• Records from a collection

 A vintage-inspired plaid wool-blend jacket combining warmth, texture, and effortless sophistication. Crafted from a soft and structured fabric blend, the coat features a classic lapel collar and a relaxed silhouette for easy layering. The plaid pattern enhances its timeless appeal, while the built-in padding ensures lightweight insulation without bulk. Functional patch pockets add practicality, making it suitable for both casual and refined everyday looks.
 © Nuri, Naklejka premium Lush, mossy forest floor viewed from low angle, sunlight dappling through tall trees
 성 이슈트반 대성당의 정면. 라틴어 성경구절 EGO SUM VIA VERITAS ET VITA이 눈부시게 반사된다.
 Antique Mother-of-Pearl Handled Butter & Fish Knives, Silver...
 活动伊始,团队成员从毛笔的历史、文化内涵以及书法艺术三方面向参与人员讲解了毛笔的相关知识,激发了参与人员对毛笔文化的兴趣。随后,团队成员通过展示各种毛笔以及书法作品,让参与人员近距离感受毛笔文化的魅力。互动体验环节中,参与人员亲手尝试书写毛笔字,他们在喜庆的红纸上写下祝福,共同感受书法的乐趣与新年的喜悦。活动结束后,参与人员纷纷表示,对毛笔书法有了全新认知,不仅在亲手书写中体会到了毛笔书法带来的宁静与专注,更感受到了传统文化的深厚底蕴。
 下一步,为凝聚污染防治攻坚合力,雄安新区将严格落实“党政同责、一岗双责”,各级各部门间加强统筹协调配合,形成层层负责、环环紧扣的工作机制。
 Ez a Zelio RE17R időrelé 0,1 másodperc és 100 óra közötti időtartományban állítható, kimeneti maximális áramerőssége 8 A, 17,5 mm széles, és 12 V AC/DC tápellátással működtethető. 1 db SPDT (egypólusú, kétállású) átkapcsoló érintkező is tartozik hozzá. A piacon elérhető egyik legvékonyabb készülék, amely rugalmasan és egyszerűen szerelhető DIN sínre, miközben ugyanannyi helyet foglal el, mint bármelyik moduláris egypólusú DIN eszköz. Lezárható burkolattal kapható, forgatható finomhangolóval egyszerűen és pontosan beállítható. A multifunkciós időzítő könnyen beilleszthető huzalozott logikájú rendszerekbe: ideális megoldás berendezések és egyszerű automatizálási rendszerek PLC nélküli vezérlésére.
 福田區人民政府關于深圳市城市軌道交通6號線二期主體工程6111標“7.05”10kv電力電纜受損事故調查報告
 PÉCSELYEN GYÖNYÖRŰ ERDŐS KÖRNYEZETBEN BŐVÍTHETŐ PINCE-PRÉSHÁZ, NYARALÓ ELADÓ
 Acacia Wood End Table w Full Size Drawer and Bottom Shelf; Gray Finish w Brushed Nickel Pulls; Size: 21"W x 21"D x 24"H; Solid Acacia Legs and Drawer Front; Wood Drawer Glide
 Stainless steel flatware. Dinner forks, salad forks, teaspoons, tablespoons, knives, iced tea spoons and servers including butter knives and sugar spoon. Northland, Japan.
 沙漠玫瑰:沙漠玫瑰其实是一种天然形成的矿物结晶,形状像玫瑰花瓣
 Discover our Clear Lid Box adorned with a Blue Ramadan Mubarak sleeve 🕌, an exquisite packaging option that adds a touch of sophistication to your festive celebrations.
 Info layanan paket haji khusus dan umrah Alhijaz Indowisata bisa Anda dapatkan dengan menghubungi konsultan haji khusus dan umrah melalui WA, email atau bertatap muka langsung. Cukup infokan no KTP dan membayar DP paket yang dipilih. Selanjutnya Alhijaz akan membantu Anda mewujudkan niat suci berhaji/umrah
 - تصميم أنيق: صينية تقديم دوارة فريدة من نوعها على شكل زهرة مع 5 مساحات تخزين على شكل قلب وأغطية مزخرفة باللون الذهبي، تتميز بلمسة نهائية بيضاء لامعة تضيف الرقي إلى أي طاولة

• Task instructions
Send back exactly the lines from the line with "PÉCSELYEN GYÖNYÖRŰ ERDŐS" through the end of the records.

• Response area
 PÉCSELYEN GYÖNYÖRŰ ERDŐS KÖRNYEZETBEN BŐVÍTHETŐ PINCE-PRÉSHÁZ, NYARALÓ ELADÓ
 Acacia Wood End Table w Full Size Drawer and Bottom Shelf; Gray Finish w Brushed Nickel Pulls; Size: 21"W x 21"D x 24"H; Solid Acacia Legs and Drawer Front; Wood Drawer Glide
 Stainless steel flatware. Dinner forks, salad forks, teaspoons, tablespoons, knives, iced tea spoons and servers including butter knives and sugar spoon. Northland, Japan.
 沙漠玫瑰:沙漠玫瑰其实是一种天然形成的矿物结晶,形状像玫瑰花瓣
 Discover our Clear Lid Box adorned with a Blue Ramadan Mubarak sleeve 🕌, an exquisite packaging option that adds a touch of sophistication to your festive celebrations.
 Info layanan paket haji khusus dan umrah Alhijaz Indowisata bisa Anda dapatkan dengan menghubungi konsultan haji khusus dan umrah melalui WA, email atau bertatap muka langsung. Cukup infokan no KTP dan membayar DP paket yang dipilih. Selanjutnya Alhijaz akan membantu Anda mewujudkan niat suci berhaji/umrah
 - تصميم أنيق: صينية تقديم دوارة فريدة من نوعها على شكل زهرة مع 5 مساحات تخزين على شكل قلب وأغطية مزخرفة باللون الذهبي، تتميز بلمسة نهائية بيضاء لامعة تضيف الرقي إلى أي طاولة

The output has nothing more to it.